Alfons K. L. Thijs (1944–2014) was a Belgian historian of the early-modern Low Countries. His earlier work focused on social and economic history, his later work on cultural and religious history, particularly popular devotional ephemera such as prayer cards.

==Career==
Thijs was born in Antwerp on 22 March 1944. After studying in Antwerp as an undergraduate he went to Ghent University as a graduate student, obtaining his licentiate degree and doctorate there under the supervision of Wilfrid Brulez. His licentiate thesis studied silk production in Antwerp in the 17th century, his doctoral thesis the textile industry more broadly. From 1971 to 2004 he was a member of the academic staff of the University of Antwerp, initially as an assistant (1971-1978), then lecturer (1978-1988), and finally professor (1988 onwards). From 1982 to 1991 he served as director of the Centrum voor Bedrijfsgeschiedenis (Centre for Business History). A Festschrift was published for his retirement in 2004. He died on 14 January 2014, in the Borgerhout district of Antwerp.

==Thijs Collection==
A large selection from his personal collection of devotional prints was acquired by the University of Antwerp in 2014 and entrusted to the Ruusbroec Institute as the Thijs Collection. Several of these pieces have been digitised and are available on Wikimedia.

==Works==
- De zijdenijverheid te Antwerpen in de 17de eeuw (Brussels, 1969)

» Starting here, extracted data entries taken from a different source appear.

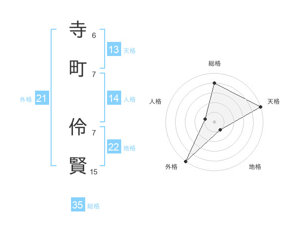 寺町 伶賢さんの天格は13画の5点!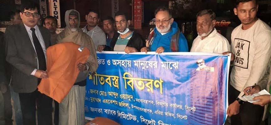 সিলেটের বিভিন্ন স্থানে জনতা ব্যাংক লিমিটেড সিলেট বিভাগীয় কার্যালয়ের উদ্দোগে গরীর অসহায় শীতার্তদের মধ্যে শীতবস্ত্র বিতরণ করা হয়েছে।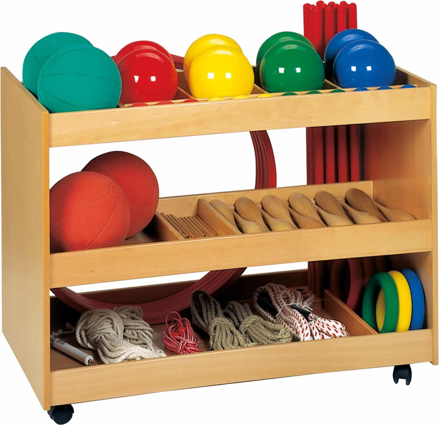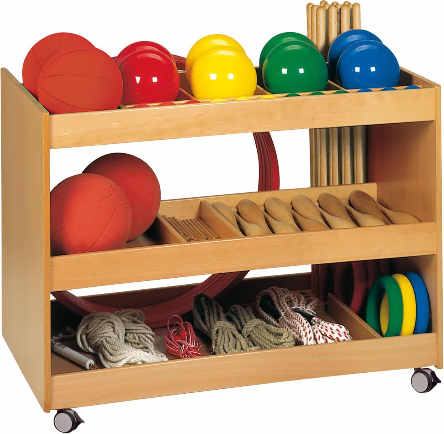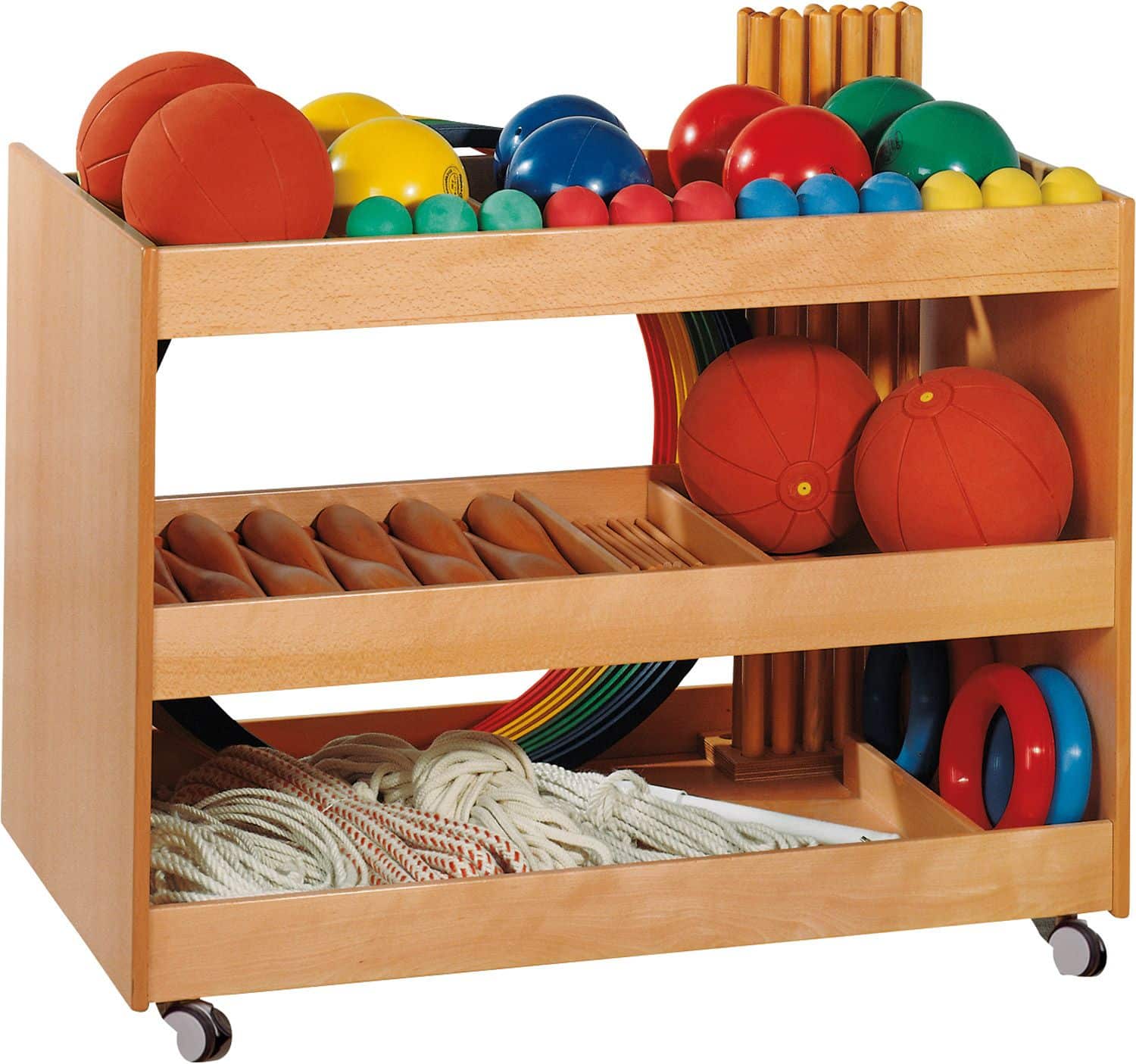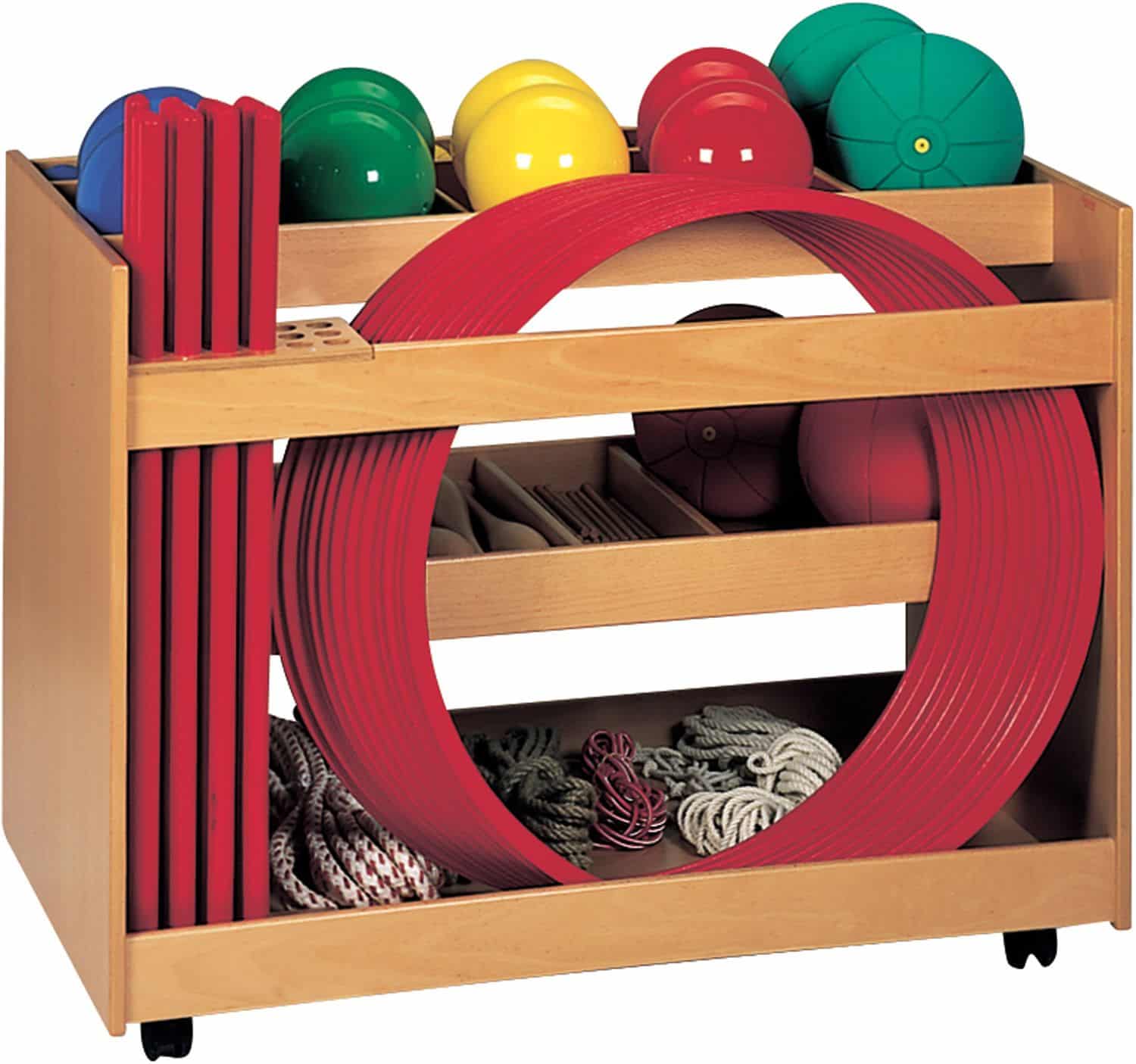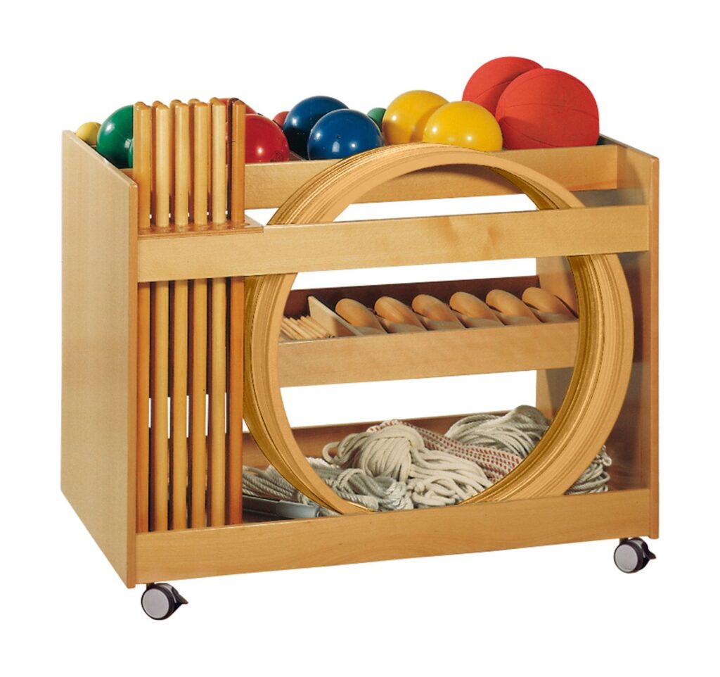 Die durchdachte Platzeinteilung bietet ausreichend Platz für eine Vielzahl an Gymnastikmaterialien, darunter Gymnastiksäckchen, Reifen- und Stabständer. Auch die Standard-Bestückung (568 070) findet hier bequem Platz. Die vier Rollen, von denen zwei feststellbar sind, sorgen für flexible Einsatzmöglichkeiten und einfaches Manövrieren.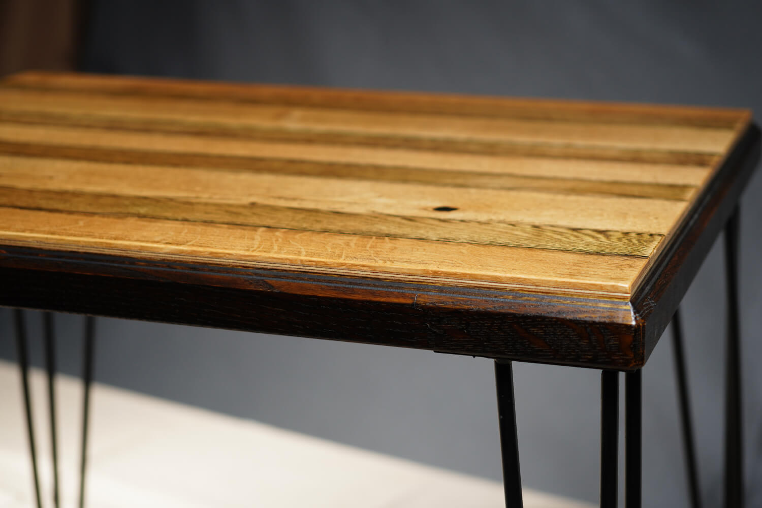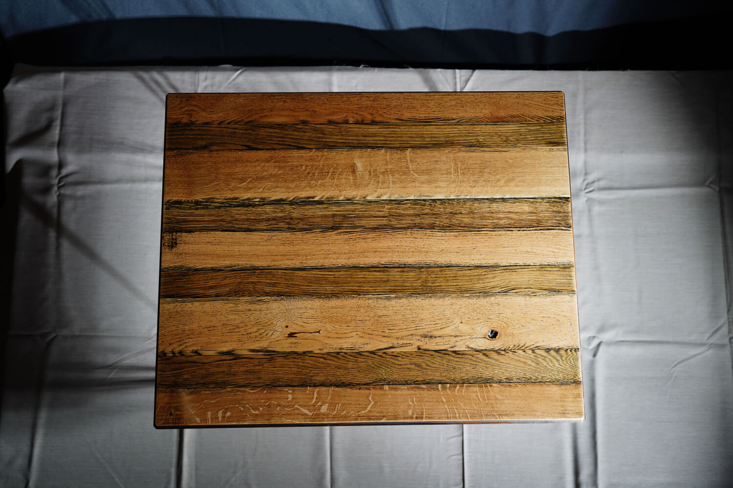Геометрия на природата Тази маса е тържество на „чистата линия“. За разлика от сложни мозайки, тук дизайнът залага на естествения хоризонтален ритъм. Ламелите са подредени така, че да подчертаят контраста между светлата беловина и тъмното сърце на дървото, създавайки уникален „баркод“ от природата.

- Van werkwinkel tot fabriek: De textielnijverheid te Antwerpen (Brussels, 1987)
- Van Geuzenstad tot katholiek bolwerk: Maatschappelijke betekenis van de Kerk in contrareformatorisch Antwerpen (Turnhout, 1990)
- Antwerpen, internationaal uitgeverscentrum van devotieprenten, 17de-18de eeuw (Leuven, 1993)

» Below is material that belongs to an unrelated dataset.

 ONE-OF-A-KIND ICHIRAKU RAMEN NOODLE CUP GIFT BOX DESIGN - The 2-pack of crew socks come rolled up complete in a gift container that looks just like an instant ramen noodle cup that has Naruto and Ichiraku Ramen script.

- with Hugo Soly (eds), Minorities in Western European Cities (Sixteenth-Twentieth Centuries) (Brussels, 1995)
- with Prosper Arents and Frans Susanna Emanuel Baudouin, De bibliotheek van Pieter Pauwel Rubens: Een reconstructie (Antwerp, 2001)

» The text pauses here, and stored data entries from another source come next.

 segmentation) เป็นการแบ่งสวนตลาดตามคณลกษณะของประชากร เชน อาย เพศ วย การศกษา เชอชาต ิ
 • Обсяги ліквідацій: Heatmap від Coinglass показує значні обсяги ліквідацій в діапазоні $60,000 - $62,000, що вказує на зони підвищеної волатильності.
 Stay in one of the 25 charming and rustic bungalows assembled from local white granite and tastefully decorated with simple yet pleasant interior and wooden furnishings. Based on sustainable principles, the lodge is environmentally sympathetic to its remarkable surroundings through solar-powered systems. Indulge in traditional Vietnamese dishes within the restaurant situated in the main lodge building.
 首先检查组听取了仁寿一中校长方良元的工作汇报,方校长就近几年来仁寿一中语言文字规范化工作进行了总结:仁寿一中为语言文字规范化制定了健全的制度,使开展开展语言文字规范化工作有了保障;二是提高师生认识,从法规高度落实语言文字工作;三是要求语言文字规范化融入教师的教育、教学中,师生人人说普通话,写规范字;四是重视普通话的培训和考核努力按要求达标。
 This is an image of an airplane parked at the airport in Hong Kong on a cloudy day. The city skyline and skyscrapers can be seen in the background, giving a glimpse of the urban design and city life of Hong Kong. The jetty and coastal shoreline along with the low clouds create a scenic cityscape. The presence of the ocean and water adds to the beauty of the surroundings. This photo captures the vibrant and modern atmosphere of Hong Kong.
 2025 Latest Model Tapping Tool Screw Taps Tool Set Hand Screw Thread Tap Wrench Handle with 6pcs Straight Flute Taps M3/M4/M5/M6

- with Karen Lee Bowen, Marian Pilgrimage Sites in Brabant: A Bibliography (Leuven, 2008)
- Komt pelgrims, komt hier: Devotioneel drukwerk voor bedevaartsplaatsen in Vlaanderen en Brabant (1500-1850) (Leuven, 2020), edited by Jonas Van Mulder, with the assistance of Ilse Eggers, Daniël Ermens, and Erna Van Looveren.